-- Opening Marker --
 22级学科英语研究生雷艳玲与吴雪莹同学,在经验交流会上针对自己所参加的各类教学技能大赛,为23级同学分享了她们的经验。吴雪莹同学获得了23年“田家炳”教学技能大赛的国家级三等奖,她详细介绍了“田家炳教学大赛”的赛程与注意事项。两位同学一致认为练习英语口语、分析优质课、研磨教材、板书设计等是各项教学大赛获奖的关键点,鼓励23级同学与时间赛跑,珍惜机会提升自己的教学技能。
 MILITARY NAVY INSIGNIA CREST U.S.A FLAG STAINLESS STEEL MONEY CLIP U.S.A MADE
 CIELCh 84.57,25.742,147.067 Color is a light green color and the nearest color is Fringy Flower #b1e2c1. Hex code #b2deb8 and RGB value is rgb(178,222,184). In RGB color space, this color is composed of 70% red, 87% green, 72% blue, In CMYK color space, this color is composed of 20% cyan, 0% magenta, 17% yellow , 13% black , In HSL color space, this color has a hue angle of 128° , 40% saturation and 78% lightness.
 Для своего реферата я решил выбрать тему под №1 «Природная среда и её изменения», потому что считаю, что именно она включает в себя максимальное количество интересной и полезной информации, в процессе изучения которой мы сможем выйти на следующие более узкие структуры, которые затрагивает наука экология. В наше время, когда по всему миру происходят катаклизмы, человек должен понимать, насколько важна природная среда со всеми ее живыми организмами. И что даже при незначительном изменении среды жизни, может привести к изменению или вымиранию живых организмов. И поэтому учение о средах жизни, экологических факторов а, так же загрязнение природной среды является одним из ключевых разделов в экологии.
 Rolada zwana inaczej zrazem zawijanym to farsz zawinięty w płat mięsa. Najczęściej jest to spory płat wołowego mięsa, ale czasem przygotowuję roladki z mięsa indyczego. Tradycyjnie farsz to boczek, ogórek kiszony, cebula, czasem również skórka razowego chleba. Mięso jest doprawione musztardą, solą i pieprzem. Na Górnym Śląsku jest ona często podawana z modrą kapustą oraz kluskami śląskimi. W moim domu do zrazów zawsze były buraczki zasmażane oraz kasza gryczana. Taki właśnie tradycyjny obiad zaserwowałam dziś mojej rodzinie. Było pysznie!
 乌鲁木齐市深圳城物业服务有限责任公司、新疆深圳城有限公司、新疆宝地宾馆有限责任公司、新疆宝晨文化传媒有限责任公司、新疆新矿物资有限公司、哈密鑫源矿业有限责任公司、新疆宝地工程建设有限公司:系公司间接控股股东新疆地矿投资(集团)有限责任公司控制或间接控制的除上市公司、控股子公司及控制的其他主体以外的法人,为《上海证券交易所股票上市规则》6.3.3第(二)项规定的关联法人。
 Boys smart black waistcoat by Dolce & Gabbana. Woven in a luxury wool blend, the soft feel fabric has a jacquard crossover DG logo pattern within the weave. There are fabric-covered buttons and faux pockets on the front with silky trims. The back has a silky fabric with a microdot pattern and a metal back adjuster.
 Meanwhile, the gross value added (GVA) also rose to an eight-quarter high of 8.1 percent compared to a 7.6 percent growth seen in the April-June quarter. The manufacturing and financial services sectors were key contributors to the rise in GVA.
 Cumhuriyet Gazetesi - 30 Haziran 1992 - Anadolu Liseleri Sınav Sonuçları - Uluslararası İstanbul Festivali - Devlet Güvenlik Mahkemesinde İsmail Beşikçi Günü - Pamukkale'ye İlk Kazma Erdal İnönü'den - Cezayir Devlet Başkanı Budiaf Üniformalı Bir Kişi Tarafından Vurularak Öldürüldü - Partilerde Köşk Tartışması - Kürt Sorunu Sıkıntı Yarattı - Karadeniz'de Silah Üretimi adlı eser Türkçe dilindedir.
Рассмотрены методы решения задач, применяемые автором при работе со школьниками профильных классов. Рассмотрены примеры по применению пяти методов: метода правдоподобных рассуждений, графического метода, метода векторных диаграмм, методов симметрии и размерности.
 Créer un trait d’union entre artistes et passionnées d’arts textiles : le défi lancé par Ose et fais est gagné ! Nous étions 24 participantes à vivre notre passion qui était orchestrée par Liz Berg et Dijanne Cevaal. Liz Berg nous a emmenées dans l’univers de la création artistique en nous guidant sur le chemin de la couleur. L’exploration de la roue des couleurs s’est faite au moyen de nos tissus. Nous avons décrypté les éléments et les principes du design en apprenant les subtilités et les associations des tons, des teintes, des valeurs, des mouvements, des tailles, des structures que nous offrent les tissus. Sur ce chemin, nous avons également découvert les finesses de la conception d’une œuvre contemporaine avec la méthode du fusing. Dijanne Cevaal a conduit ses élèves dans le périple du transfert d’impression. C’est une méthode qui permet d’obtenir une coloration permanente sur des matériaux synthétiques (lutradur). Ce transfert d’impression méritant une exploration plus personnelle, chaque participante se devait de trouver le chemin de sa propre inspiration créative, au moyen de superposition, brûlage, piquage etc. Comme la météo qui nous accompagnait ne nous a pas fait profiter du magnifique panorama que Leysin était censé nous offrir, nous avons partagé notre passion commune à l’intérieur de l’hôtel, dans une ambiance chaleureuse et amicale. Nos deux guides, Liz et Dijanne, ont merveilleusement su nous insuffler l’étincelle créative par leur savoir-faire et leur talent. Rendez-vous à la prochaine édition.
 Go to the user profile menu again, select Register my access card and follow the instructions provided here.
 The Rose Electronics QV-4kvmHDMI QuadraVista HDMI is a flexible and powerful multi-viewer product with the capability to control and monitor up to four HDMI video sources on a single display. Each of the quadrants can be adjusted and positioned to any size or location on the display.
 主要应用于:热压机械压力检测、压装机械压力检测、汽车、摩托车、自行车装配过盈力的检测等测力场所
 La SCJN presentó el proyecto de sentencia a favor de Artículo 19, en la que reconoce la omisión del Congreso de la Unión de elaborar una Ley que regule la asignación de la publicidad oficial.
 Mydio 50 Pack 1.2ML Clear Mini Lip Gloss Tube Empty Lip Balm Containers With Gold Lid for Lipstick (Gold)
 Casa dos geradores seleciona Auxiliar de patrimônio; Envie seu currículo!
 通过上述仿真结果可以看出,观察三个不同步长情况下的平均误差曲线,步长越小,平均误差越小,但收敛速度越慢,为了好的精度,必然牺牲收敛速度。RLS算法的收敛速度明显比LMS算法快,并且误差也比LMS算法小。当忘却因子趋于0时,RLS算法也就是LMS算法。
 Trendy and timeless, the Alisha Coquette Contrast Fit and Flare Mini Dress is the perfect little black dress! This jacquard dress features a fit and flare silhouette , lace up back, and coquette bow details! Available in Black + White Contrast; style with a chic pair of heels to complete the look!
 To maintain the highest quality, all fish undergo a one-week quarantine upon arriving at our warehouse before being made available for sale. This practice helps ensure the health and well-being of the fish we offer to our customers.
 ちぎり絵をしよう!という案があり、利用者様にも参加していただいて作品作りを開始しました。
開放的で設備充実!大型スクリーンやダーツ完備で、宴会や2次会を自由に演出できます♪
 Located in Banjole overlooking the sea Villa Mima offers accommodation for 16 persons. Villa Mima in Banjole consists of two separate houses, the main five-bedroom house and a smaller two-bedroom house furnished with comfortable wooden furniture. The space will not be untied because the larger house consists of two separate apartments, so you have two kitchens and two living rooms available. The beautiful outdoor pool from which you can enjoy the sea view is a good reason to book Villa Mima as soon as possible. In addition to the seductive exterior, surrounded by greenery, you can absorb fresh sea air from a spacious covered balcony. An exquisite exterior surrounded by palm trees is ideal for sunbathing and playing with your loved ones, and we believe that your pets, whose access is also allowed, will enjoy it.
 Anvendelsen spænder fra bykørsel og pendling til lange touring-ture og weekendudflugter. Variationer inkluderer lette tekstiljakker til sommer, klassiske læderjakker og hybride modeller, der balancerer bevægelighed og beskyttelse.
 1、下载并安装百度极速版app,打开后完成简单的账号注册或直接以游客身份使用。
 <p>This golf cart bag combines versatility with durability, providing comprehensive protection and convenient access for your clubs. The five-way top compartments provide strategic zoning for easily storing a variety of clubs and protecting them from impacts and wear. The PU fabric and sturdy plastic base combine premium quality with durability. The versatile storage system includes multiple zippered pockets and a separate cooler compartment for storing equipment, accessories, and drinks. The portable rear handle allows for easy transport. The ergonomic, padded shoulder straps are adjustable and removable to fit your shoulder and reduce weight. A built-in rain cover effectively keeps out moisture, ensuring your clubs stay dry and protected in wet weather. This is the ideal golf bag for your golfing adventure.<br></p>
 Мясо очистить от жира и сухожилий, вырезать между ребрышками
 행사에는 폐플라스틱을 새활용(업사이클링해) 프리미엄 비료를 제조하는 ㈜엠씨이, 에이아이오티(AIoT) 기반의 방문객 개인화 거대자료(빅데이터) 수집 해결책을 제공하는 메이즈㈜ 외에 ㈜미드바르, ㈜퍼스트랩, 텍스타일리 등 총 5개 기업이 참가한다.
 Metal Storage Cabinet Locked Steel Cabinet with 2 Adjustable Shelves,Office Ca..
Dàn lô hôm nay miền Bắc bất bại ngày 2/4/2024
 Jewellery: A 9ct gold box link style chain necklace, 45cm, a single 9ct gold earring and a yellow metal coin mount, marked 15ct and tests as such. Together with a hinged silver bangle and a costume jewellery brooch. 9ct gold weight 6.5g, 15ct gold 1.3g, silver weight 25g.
-- Closing Marker --
» **ASSIGNMENT**
In the listing above, find the line with "Casa dos geradores" and the line with "開放的で設備充実!大型スクリ"; output exactly those lines and all lines between them.

» **COMPLETED EXERCISE**
 Casa dos geradores seleciona Auxiliar de patrimônio; Envie seu currículo!
 通过上述仿真结果可以看出,观察三个不同步长情况下的平均误差曲线,步长越小,平均误差越小,但收敛速度越慢,为了好的精度,必然牺牲收敛速度。RLS算法的收敛速度明显比LMS算法快,并且误差也比LMS算法小。当忘却因子趋于0时,RLS算法也就是LMS算法。
 Trendy and timeless, the Alisha Coquette Contrast Fit and Flare Mini Dress is the perfect little black dress! This jacquard dress features a fit and flare silhouette , lace up back, and coquette bow details! Available in Black + White Contrast; style with a chic pair of heels to complete the look!
 To maintain the highest quality, all fish undergo a one-week quarantine upon arriving at our warehouse before being made available for sale. This practice helps ensure the health and well-being of the fish we offer to our customers.
 ちぎり絵をしよう!という案があり、利用者様にも参加していただいて作品作りを開始しました。
開放的で設備充実!大型スクリーンやダーツ完備で、宴会や2次会を自由に演出できます♪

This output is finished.